Vice presidential speculation

1996
During the 1996 presidential election, Engler was considered to be a potential vice presidential running mate for Republican nominee Bob Dole. However, Dole instead selected Jack Kemp, a former representative and HUD secretary.

2000
Engler endorsed Texas Governor George W. Bush in the 2000 Republican primary. After Bush secured the GOP nomination, Engler's name was again floated as a possible running mate. In his book Decision Points, Bush says that Engler was someone he was "close" with and could "work well with." Ultimately, Engler was passed over for the running mate position in favor of Dick Cheney. After the election, Engler's close political ally Spencer Abraham, who narrowly lost his re-election bid for the Senate to Debbie Stabenow, was chosen as Bush's Secretary of Energy.

2002 elections
Engler's lieutenant governor, Dick Posthumus, sought to succeed Engler in the 2002 gubernatorial race. Posthumus lost the race to the state's attorney general, Democrat Jennifer Granholm.

Election results
In 1990, Engler, then the state senate majority leader, challenged Governor James Blanchard in his bid for a third term. Political observers viewed his bid as a long shot, and he trailed Blanchard by double digits in the polls the weekend before the election. However, on election day, Engler pulled off the upset, defeating Blanchard by approximately 17,000 votes—a margin of less than one percentage point. In 1994, Engler ran for his second term. The Democrats nominated former Representative Howard Wolpe, who had close ties to the labor movement—a potent force in Democratic politics in Michigan. Engler bested Wolpe 61 to 39 percent, and the state Republican Party made significant gains. Spencer Abraham picked up the Senate seat of retiring Democrat Donald Riegle. Republicans gained a seat to break a tie in the state House of Representatives, taking a 56–54 majority, while also picking up a seat in the U.S. House of Representatives. Republican Candice Miller won an upset victory to win the post of Secretary of State.
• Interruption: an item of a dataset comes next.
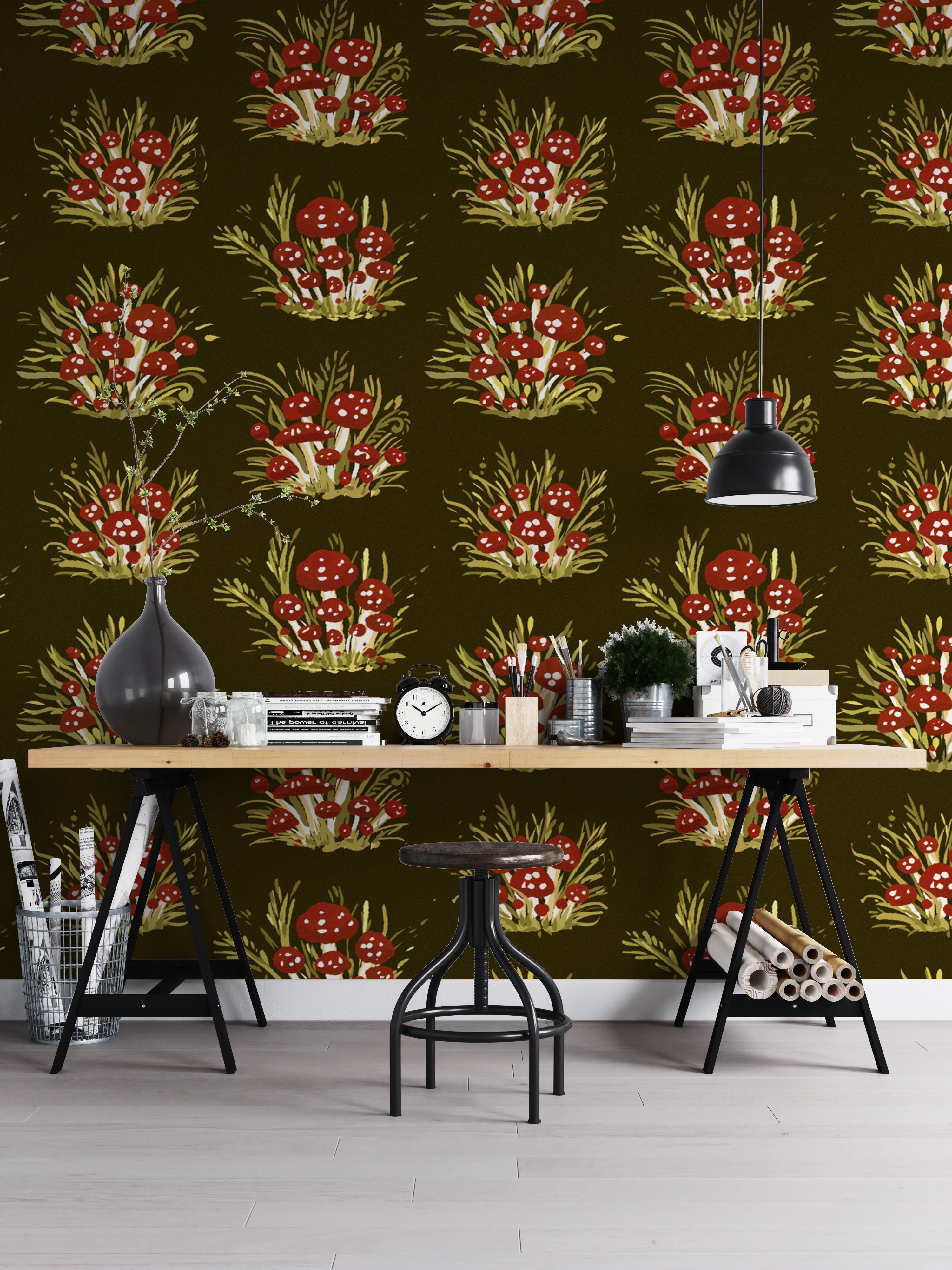 Mushroom Millefleurs Dark Wallpaper, Ideal for Nature-Inspired Spaces The dark background and the lonely clusters of mushrooms really make for an alluring, retro feel! The Millefleurs design adds a touch of class, making it suitable for use in every room throughout your house. This Wallpaper will be the perfect gentle warmth that your living room, bedroom or study needs. Order today and enjoy Free Shipping, Let a little of the enchanted forest into your home.

Michigan voters re-elected Engler to his third and final term in 1998. He won a landslide victory over lawyer Geoffrey Fieger. Engler took 1,883,005 votes—62 percent of the total—to Fieger's 38 percent and 1,143,574 votes. Engler's landslide helped the state Republican Party to gain six seats in the state House of Representatives, taking control of the chamber they had lost two years previously with a 58–52 margin, as well as picking up an additional seat in the State Senate, for a 23–15 majority. Republicans also gained a seat on the technically non-partisan state Supreme Court, holding a 4–3 majority over the Democrats.

Electoral history

After governorship
After leaving the governor's mansion in January 2003, Engler served as president of the state and local government sector of Electronic Data Systems. Engler left that position in June 2004 to be elected president and CEO of the National Association of Manufacturers. Engler's tenure at the NAM ended in January 2011. In January 2011, Engler was named president of the Business Roundtable.
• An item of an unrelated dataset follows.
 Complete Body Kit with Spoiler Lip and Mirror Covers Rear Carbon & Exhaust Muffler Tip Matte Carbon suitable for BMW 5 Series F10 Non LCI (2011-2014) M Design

In 2017, Engler was appointed to a four-year term on the governing board of the National Assessment of Educational Progress project.

Interim presidency of Michigan State University
On January 30, 2018, Engler was named the interim president of Michigan State University to replace Lou Anna Simon, who was embroiled with the school in the USA Gymnastics sex abuse scandal involving Larry Nassar. The appointment of Engler sparked controversy due to his previous handling of sexual misconduct as governor of Michigan. Engler's tenure as interim president was plagued by controversies, brought on by Engler's apparent callous statements and actions toward survivors during Board of Trustees meetings and statements that were reported by the press. One on Nassar's victims, Rachael Denhollander, said Engler "chose to stand against every child and every sexual assault victim in the entire state, to protect an institution."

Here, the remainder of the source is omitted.